Often these narratives can be politicized, leaving the digital humanities vulnerable to work that implicitly uses racialized construction within their technology and in their world-building efforts (Earhart, 2012). However, only some projects have this implicit bias, and several of the websites we have visited throughout the course are excellent examples of post-colonial and restorative efforts to shine a light on disempowered communities. The CCP (https://coloredconventions.org/), and Chicana por mi Raza (https://chicanapormiraza.org/), immediately come to mind, and I was struck by the power that there can be in making histories like these visible not just to learners of digital humanities but to the communities whose identities are tied to historical narratives of marginality.
Both of these websites also dove-tail nicely with several of Dr. S’ lectures but primarily the one on week five, which notes the relationship that racism has in the US with being considered inhuman. The historical antecedents of our nation make being Black, LatinX, or Indigenous a problem in this country and relegate the histories and truths of those communities to the footnotes of history. This is an important note to make about the power of digital humanities in fixing these issues (when done correctly) and imagining a future where the construction of history through data gathering and archiving does not inherently rely on the stories of the powerful. Gallon (2016) makes these claims as we begin to consider what I will call “critical black digital humanities” for the purposes of this post.
As a Latino researcher working with predominantly marginalized communities, there is tension between understanding how my identity influences my work and how much my work influences my identity as a researcher and person. The tensions result from histories of colonialism, structural violence, and ignored personhood that lay claim to the histories of these communities and my heritage as the son of immigrants. Guiliano and Heitman (2019) have described this relationship by arguing that this intense relationship between individuals’ personal histories and a group’s broader histories are in conversation through complex heritages and the consequences of the colonial encounter in the Americas.

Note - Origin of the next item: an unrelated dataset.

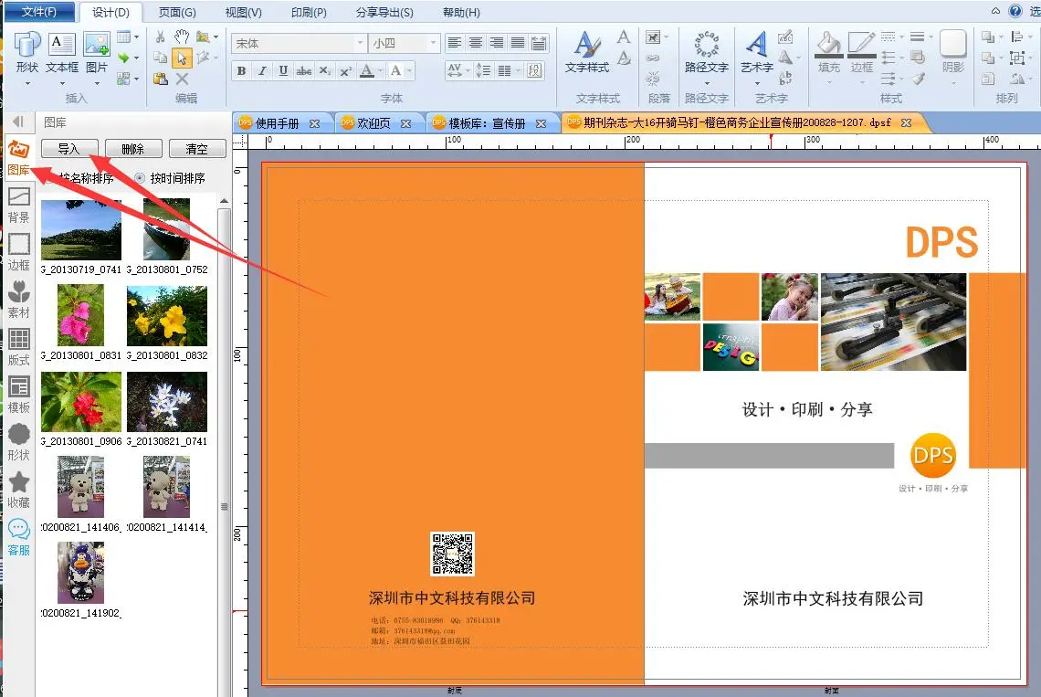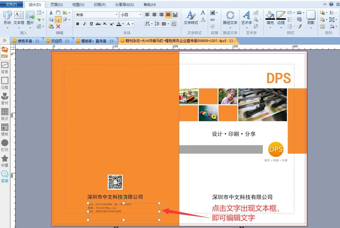 进入编辑页面后,我们按照模板的顺序先编辑封底和封面,将模板上的公司名称、企业LOGO、网址、二维码、地址电话等信息全部替换成我们自己的。

Many of the themes I most identified with challenged my positionality as a researcher and the technologies of power that have framed my research and identity. Digital humanities certainly have the power to affect change in these power struggles when done carefully and with a contextualized lens. At least, I hope this work becomes so visible as to affect the epistemologies of marginality within academia and the power that the humanities hold in broadly transforming these narratives. I cannot wait to be a professor and remember how far we have come to include more voices (like mine) in a room where so many dreams– once deferred– take space at the table.
References:
Earhart, Amy E. “Can Information Be Unfettered? Race and the New Digital Humanities Canon.” Debates in the Digital Humanities, 2012, pp. 309–318., https://doi.org/10.5749/minnesota/9780816677948.003.0030.
Gallon, Kim. “Making a Case for the Black Digital Humanities.” Debates in the Digital Humanities 2016, edited by Matthew K. Gold and Lauren F. Klein, Chapter 4. Minneapolis, MN: University of Minnesota Press, 2016.
Guiliano, Jennifer, and Carolyn Heitman. “Difficult Heritage and the Complexities of Indigenous Data.” Journal of Cultural Analytics, 2019, https://doi.org/10.22148/16.044.
Risam, R. (2019). New digital worlds: Postcolonial digital humanities in theory, praxis, and pedagogy. Northwestern University Press.